The Aussie dollar found another excuse to extend the weekly bounce in the continuation of the downward bias in the greenback on Wednesday.
In fact, the US dollar gave away further gains after hitting a new yearly high north of the 104.00 barrier when tracked by the USD Index (DXY) earlier in the week, all amidst further investors’ repricing of a potential interest rate cut by the Federal Reserve (Fed) either in May or June.
Back to the domestic panorama, AUD remained underpinned pari passu with traders’ assessment of the latest interest rate decision by the Reserve Bank of Australia (RBA), which maintained interest rates unchanged at 4.35% amidst a hawkish message, leaving the door open to a potential interest rate hike in the future.
Continuing with the RBA, the Statement on Monetary Policy (SoMP) revealed a slight reduction in the bank’s inflation forecasts, expecting both metrics to stay below 3% by the fourth quarter of 2025. Furthermore, the RBA revised down its GDP growth projections for the foreseeable future, primarily reflecting a less optimistic outlook for consumer spending and housing investments in the near term.

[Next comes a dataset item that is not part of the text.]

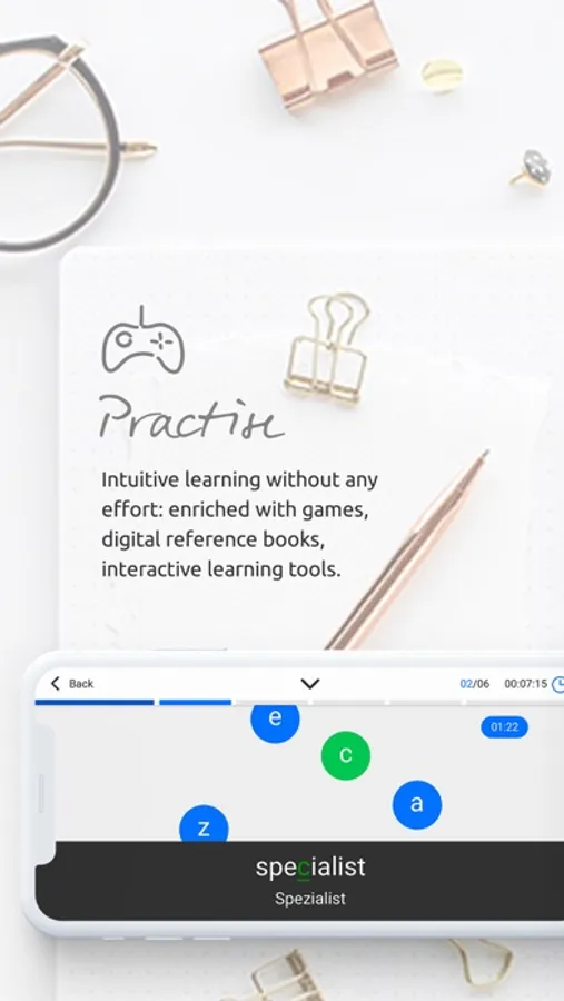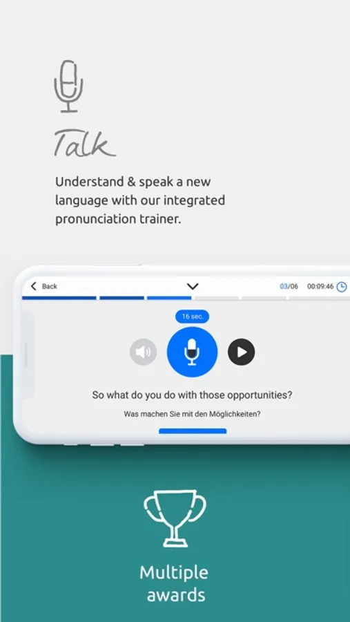 Learn languages with interactive video courses and integrated pronunciation trainer, grammar exercises, tests, and games.

Furthermore, Governor Bullock departed from the expected move towards a dovish stance and underscored the incomplete nature of addressing inflation, emphasizing that the current inflation rate is considered unacceptably high.
Also undermining the pair’s upside potential were the persistent downtrend in iron ore and the rapid resumption of the selling bias in copper prices.
AUD/USD daily chart
AUD/USD short-term technical outlook
Further losses in AUD/USD should clear its 2024 level of 0.6468 (February 5), to then embark on a potential test of the 2023 bottom of 0.6270. (October 26). The breach of the latter may prompt a move to the round level of 0.6200 to come on the horizon prior to the 2022 low of 0.6169 (October 13). On the upside, there is an immediate hurdle at the crucial 200-day SMA at 0.6572, which is ahead of the interim 55-day SMA at 0.6644. The breakout of this zone may lead the pair to target the December 2023 high of 0.6871 (December 28), followed by the July 2023 top of 0.6894 (July 14) and the June 2023 peak of 0.6899 (June 16), all just before of the important 0.7000 level.
The 4-hour chart indicates some early consolidation, paving the way for a dip to 0.6452 once 0.6468 is cleared. On the bullish side, 0.6610 is an immediate hurdle ahead of the 200-SMA at 0.6658. The surpassing of this zone indicates a possible progress to 0.6728. The MACD rebounds somewhat but remains well in the negative zone, and the RSI approaches the 50 threshold.